• **GIVEN DATA**

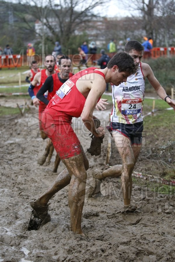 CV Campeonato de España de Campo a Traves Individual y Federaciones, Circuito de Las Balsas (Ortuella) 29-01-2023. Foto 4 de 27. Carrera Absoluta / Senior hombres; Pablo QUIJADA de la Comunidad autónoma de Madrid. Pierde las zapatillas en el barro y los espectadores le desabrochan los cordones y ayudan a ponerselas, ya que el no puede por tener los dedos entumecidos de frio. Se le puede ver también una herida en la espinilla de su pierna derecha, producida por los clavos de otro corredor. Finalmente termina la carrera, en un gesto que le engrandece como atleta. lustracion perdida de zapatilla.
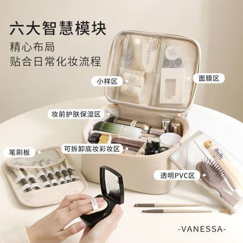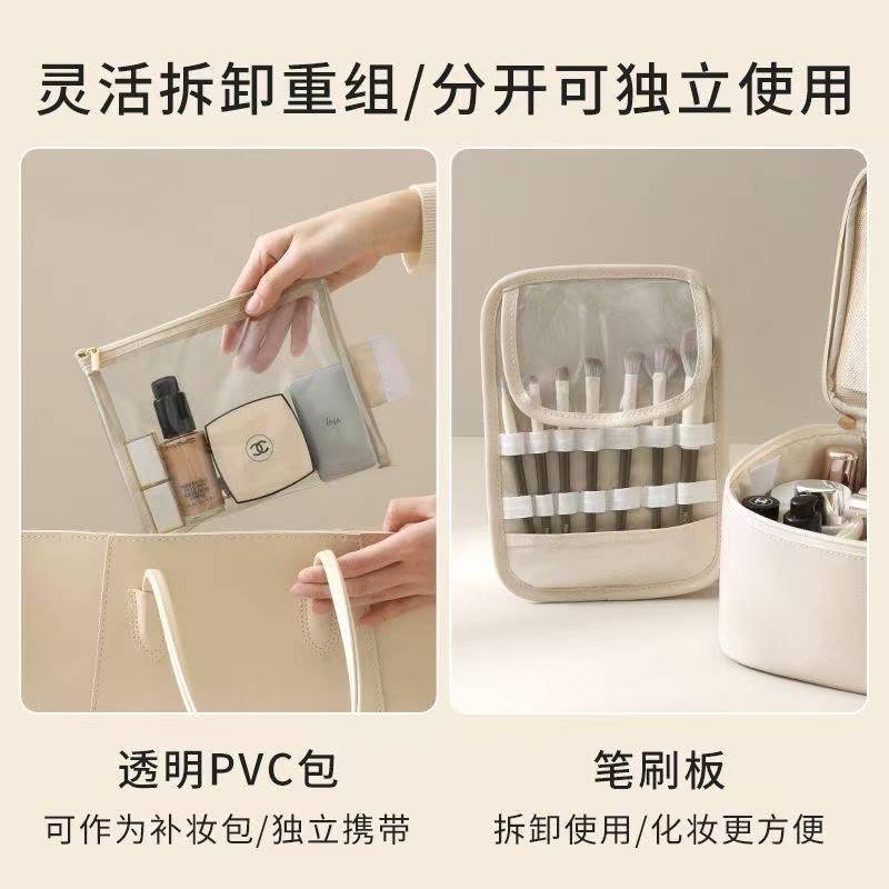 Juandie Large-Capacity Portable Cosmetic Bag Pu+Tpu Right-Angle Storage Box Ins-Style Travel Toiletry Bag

==

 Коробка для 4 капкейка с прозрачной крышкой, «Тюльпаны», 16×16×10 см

==

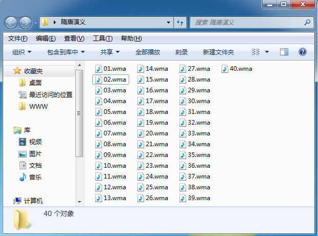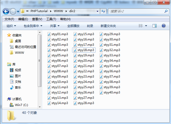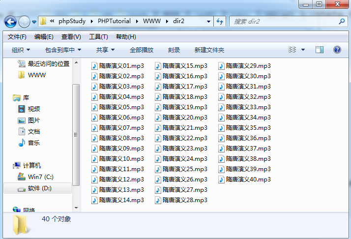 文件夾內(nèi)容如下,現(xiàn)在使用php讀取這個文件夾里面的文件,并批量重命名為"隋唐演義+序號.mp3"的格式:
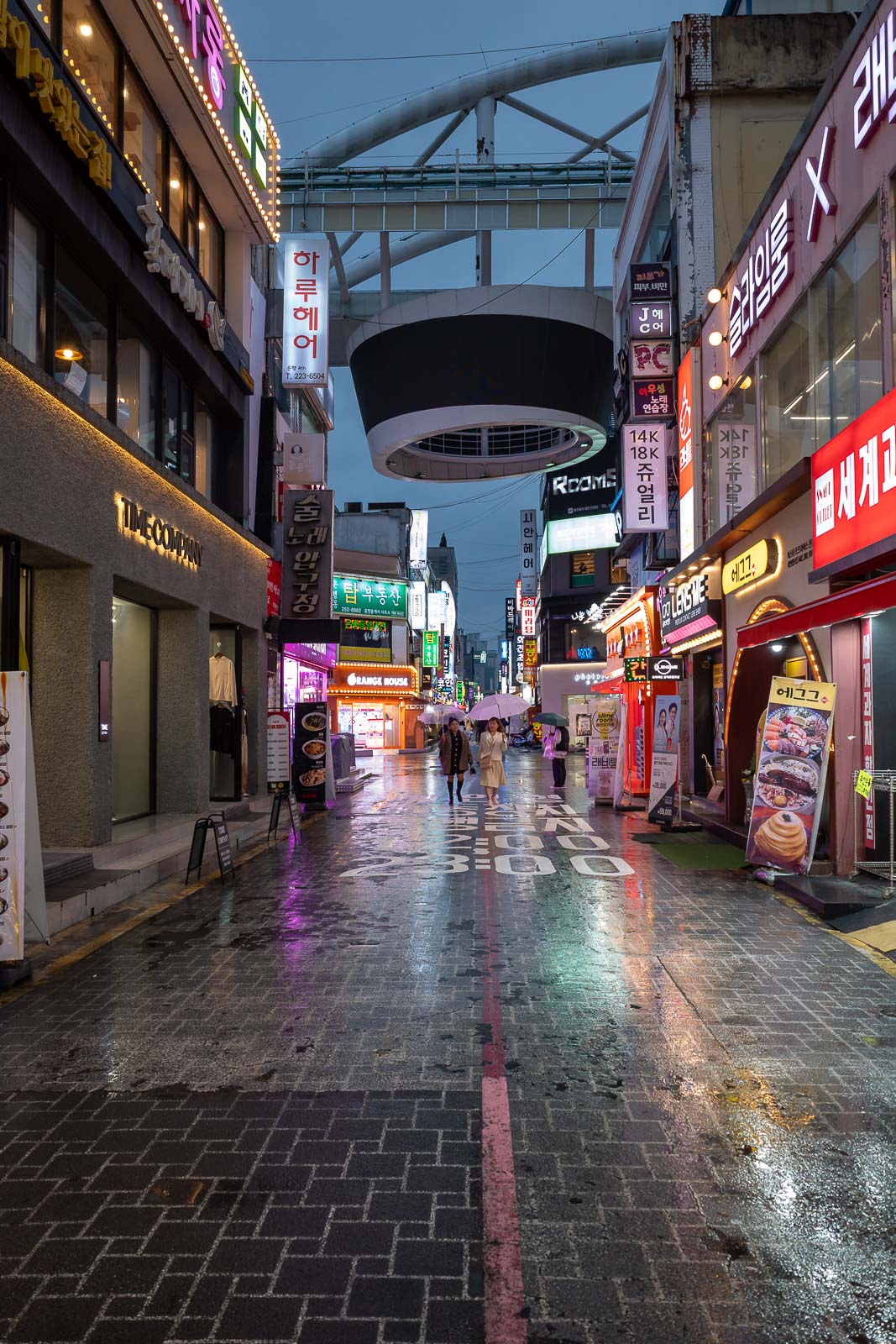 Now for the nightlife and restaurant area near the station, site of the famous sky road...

• **REQUIRED ACTION**
For this exercise, return exactly the lines above from the line with "CV Campeonato de" through the line with "Juandie Large-Capacity Portable", both included. Do not copy the pictures.

• **RESPONSE TO THIS EXERCISE**
 CV Campeonato de España de Campo a Traves Individual y Federaciones, Circuito de Las Balsas (Ortuella) 29-01-2023. Foto 4 de 27. Carrera Absoluta / Senior hombres; Pablo QUIJADA de la Comunidad autónoma de Madrid. Pierde las zapatillas en el barro y los espectadores le desabrochan los cordones y ayudan a ponerselas, ya que el no puede por tener los dedos entumecidos de frio. Se le puede ver también una herida en la espinilla de su pierna derecha, producida por los clavos de otro corredor. Finalmente termina la carrera, en un gesto que le engrandece como atleta. lustracion perdida de zapatilla.
 Juandie Large-Capacity Portable Cosmetic Bag Pu+Tpu Right-Angle Storage Box Ins-Style Travel Toiletry Bag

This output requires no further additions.